Tuesday, November 02, 2010

Publishing's New York Lunchroom Turns 25

Union Square Cafe celebrates a quarter century
By Lynn Andriani, Oublishers Weekly, Nov 01, 2010

One day in November 1985, a man wearing an ascot walked into the just-opened Union Square Cafe on East 16th Street in New York City. He said to the restaurant's owner, Danny Meyer, in an accent Meyer describes as "inimitable," "I hear you have oysters." And so began Farrar, Straus & Giroux cofounder Roger Straus's patronage of the restaurant that has become downtown's go-to hub for publishing lunches.

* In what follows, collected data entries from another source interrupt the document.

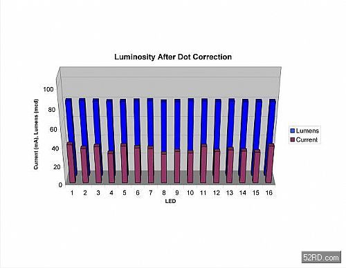 TLC5940之類的元件最多能驅動16顆LED,每顆元件隻需要一顆電阻來設定最大電流值。選擇此電阻時應確保其設定之電流足以讓最暗的LED發出80毫燭光,LPE675元件資料表顯示它需要43mA的驅動電流才能發出80毫燭光。設計人員可在安裝時先測量LED在43mA滿電流時所發出的亮度,然後產生類似圖1的亮度直方圖。圖中第一排資料是以mA為單位的LED電流值,第二排則是以毫燭光為單位的LED亮度值。從圖中可看出LED亮度在未采用像點修正功能時最多相差±10%,這種差異程度是高階顯示器無法接受的。驅動元件可以根據直方圖所示資料個別調整、或是「像素修正」每顆LED的電流,使它們最後得以產生均勻亮度;例如它必須將滿電流下的LED1亮度從83毫燭光調整至80毫燭光。TLC5940提供6位元(64階)像點修正功能,其中每一階都相當於滿刻度的1.56%。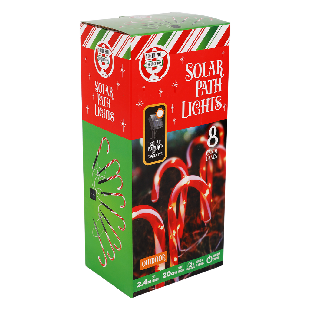 Light up your holiday season with our Christmas Solar Cane Path Lights! This 8-piece set is powered by solar energy, saving you money on energy costs. With a unique and festive cane design, these lights will add a touch of charm to your outdoor decorations. No installation or wiring required - simply place in your desired location and enjoy the warm, welcoming glow. Make your home shine this Christmas!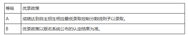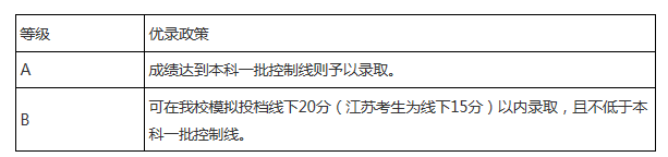 我校對(duì)取得自主招生認(rèn)定資格的考生依據(jù)測(cè)試結(jié)果給予相應(yīng)的優(yōu)錄政策。經(jīng)我校測(cè)試認(rèn)定為“優(yōu)秀”者享受A等優(yōu)錄政策,“合格”者享受B等優(yōu)錄政策,其中享受A等優(yōu)錄政策的人數(shù)比例不超過公示人數(shù)的40%。填報(bào)高考志愿時(shí),具體填報(bào)方式、填報(bào)時(shí)間等以生源所在地省級(jí)招生考試機(jī)構(gòu)規(guī)定為準(zhǔn)。填報(bào)專業(yè)志愿時(shí),應(yīng)填報(bào)公示入選專業(yè)。學(xué)校將根據(jù)入選資格考生自主招生志愿、高考成績(jī)總分、經(jīng)公示的優(yōu)惠分值、入選專業(yè)和學(xué)校模擬投檔線決定錄取與否。模擬投檔線由生源地省級(jí)招辦按照本科一批招生所有高校在該省(區(qū)、市)最終確定的投檔比例測(cè)算生成。對(duì)于合并本科批次的省份,“本科一批控制線”按相關(guān)省級(jí)教育行政部門或招生考試機(jī)構(gòu)確定的自主招生相應(yīng)最低錄取控制分?jǐn)?shù)線執(zhí)行。江蘇省考生選測(cè)科目等級(jí)要求為2B,必測(cè)科目等級(jí)要求為4C1合格。

"The very good fortune we had way back at the beginning that a small handful of publishers adopted Union Square Cafe as their lunch club has stood us in incredible stead all these years later," Meyer says. Among the publishing legends who've been regulars at USC besides Straus (whose office was less than a block away) are Abrams's former publisher and editor-in-chief Paul Gottlieb, Knopf v-p and editor-at-large Gary Fisketjon, and Grove/Atlantic president and publisher Morgan Entrekin.

Literary agent Mary Evans, who got her start at FSG in 1974, remembers when the restaurant was a health food store called Brownie's. "It's hard for people to understand how few lunch places there were in the neighborhood," she says, recalling only two options for the house's editors: Lüchow's, where she says a rat once ran over Straus's foot, and an Armenian restaurant called the Dardanelles on University Place. When Union Square Cafe opened, it gave publishers in the area a much-needed option.

Another agent, David Black, eats at USC at least once a week. Why? "Because the food is good, it is comfortable, and there is plenty of distance between tables so I can conduct business in an atmosphere I would describe as informal yet elegant." And, he adds, "in a business where it feels like you eat for a living, the menu is varied and healthy, if you choose." Deals are often made at the restaurant; Evans says she once had a lunch there, talked about a project, "and by that afternoon I had a well-into-the-six-figures pre-empt." And Norton executive editor Bob Weil has recently made a tradition of taking an author to USC to celebrate signing up a book.